Belaúnde, Víctor Andrés (1883–1966)
Belaúnde, Víctor Andrés (1883–1966)
Víctor Andrés Belaúnde (b. 15 December 1883; d. 14 December 1966), Peruvian intellectual, educator, publisher, and diplomat. Born in Arequipa and educated as a lawyer at the universities of Arequipa and San Marcos in Lima, Belaúnde taught history at San Marcos and the Catholic University. In addition to his academic activities, he headed the Boundaries Section of the Ministry of Foreign Affairs during the crucial period of international disputes with Ecuador, Colombia, and Chile between 1907 and 1911. His main intellectual contributions address the issues of Peruvian nationality and its role in solving national problems. Belaúnde was initially influenced by positivism before embracing French idealist and Catholic philosophies. He believed in the need to integrate Peruvians of disparate historical backgrounds within a Peruvian national ideal. He named this ideal peruanidad ("Peruvianness"). Peruvian social problems should not lead to revolutionary changes, as proposed by José Carlos Máriategui and Víctor Raúl Haya de la Torre, but to social and cultural conciliation. Only through a strong feeling of national unity and a deep understanding of the genuine contributions of Peruvian history would Peru be able to form part of the community of modern nations.
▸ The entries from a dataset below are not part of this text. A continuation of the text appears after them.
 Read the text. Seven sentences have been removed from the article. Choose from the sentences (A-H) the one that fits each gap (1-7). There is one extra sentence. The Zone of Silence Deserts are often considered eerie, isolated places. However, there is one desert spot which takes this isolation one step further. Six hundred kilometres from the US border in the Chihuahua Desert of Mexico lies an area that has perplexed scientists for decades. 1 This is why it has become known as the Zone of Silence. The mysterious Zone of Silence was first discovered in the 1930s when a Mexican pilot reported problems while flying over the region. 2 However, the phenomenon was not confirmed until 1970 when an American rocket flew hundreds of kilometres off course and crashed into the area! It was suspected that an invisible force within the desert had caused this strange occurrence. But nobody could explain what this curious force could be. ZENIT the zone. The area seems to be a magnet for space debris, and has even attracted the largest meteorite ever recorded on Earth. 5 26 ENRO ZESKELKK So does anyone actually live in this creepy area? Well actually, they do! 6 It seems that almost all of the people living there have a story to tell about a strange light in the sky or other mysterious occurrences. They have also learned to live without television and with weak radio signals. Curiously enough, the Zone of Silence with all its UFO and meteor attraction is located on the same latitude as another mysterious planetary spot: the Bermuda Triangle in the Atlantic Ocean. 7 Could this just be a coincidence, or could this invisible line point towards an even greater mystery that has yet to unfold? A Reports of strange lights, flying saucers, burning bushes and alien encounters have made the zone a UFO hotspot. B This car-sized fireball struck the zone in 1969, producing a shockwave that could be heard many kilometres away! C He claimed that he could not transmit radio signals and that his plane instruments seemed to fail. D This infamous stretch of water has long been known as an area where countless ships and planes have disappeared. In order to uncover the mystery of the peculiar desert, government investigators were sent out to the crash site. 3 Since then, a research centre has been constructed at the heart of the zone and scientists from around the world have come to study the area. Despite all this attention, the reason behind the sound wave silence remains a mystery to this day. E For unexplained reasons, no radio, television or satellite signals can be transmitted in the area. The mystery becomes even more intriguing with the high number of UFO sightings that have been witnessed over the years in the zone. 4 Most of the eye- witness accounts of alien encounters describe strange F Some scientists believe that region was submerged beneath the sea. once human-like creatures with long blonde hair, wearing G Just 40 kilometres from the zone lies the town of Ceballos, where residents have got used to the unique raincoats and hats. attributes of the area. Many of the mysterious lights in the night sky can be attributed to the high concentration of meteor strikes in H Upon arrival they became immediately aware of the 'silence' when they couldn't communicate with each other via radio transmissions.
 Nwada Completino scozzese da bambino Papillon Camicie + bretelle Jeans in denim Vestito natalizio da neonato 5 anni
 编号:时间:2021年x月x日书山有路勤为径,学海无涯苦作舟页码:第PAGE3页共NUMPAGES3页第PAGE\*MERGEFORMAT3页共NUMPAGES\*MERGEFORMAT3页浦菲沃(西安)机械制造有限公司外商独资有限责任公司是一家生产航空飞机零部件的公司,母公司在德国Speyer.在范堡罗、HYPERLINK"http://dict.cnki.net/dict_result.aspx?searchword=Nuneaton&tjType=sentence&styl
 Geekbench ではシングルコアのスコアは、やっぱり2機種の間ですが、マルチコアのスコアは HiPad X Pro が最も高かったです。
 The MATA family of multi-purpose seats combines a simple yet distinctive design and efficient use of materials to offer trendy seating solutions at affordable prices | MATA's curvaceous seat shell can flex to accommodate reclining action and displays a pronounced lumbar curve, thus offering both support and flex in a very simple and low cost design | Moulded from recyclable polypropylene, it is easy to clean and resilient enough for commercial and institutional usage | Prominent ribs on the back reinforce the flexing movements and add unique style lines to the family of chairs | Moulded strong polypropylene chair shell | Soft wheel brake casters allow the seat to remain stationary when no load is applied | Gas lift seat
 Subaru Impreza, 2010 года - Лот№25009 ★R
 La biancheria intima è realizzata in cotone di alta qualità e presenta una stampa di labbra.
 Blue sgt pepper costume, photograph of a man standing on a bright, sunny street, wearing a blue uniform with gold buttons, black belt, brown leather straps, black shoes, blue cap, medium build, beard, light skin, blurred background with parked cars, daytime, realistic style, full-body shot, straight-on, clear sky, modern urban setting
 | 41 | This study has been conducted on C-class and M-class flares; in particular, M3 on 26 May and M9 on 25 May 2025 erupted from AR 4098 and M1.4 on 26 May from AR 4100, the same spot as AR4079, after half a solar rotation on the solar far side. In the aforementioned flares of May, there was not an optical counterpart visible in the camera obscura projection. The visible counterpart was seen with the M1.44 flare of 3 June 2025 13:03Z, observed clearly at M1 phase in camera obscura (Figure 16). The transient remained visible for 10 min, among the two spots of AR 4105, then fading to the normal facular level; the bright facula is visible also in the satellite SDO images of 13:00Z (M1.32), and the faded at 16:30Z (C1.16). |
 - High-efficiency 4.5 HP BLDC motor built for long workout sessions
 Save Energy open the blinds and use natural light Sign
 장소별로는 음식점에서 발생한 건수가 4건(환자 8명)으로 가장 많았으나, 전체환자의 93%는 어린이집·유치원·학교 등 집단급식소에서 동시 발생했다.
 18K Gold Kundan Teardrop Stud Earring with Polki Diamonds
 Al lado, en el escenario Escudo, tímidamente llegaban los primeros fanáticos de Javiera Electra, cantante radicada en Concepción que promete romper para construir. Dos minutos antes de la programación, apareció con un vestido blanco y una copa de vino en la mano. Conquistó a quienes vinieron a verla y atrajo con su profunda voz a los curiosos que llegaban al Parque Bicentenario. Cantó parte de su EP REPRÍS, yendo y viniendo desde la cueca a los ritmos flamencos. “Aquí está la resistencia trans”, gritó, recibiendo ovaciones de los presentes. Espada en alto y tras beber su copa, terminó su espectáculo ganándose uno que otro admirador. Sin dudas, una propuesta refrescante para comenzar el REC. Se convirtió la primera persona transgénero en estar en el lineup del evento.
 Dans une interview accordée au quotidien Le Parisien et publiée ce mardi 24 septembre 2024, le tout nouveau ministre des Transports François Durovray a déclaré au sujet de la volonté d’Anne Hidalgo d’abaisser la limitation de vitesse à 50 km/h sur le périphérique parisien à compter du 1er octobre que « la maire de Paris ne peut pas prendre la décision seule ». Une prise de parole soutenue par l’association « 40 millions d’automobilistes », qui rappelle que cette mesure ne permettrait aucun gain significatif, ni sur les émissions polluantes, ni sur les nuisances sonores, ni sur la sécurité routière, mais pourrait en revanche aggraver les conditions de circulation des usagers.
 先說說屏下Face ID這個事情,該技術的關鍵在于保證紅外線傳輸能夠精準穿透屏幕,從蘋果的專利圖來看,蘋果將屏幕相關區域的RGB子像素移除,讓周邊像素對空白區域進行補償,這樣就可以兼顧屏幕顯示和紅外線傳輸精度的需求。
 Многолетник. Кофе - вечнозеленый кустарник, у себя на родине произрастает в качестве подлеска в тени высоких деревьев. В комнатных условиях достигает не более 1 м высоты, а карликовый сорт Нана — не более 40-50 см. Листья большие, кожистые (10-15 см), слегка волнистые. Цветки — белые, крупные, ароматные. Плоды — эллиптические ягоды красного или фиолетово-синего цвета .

Belaúnde publicized Peruvian cultural contributions as the editor of a new and third version of the landmark Mercurio Peruano, first published in 1791–1795. The new Mercurio Peruano, which appeared with brief interruptions between 1918 and 1978, published articles on a wide variety of national and international subjects. It became the longest-lasting cultural journal in Peru.
Exiled for his political opposition to President Augusto Leguía (1919–1930), Belaúnde taught in several U.S. universities, including Columbia, Virginia, Miami, and Chicago. On his return to Peru in the early 1930s, he helped successfully mediate the border dispute between Colombia and Peru. As president of the Catholic University and minister of foreign affairs in 1957, he achieved national stature as an intellectual eminence. In his later years Belaúnde held a high diplomatic post at the United Nations in New York City, where he died.
See alsoMercurio Peruano .
BIBLIOGRAPHY
See his La realidad nacional (1931), Peruanidad (1957), and Meditaciones peruanas (1963).
Frederick Pike, The Modern History of Peru (1967).
Additional Bibliography
Gonzales, Osmar. Sanchos fracasados: Los arielistas y el pensamiento politico peruano. Lima: Ediciones PREAL, 1996.
Santiváñez Vivanco, Martín. El concepto de peruanidad en Victór Andrés Belaunde ante el nuevo milenio. Lima: Universidad de Lima, Fondo de Desarrollo Editorial, 2003.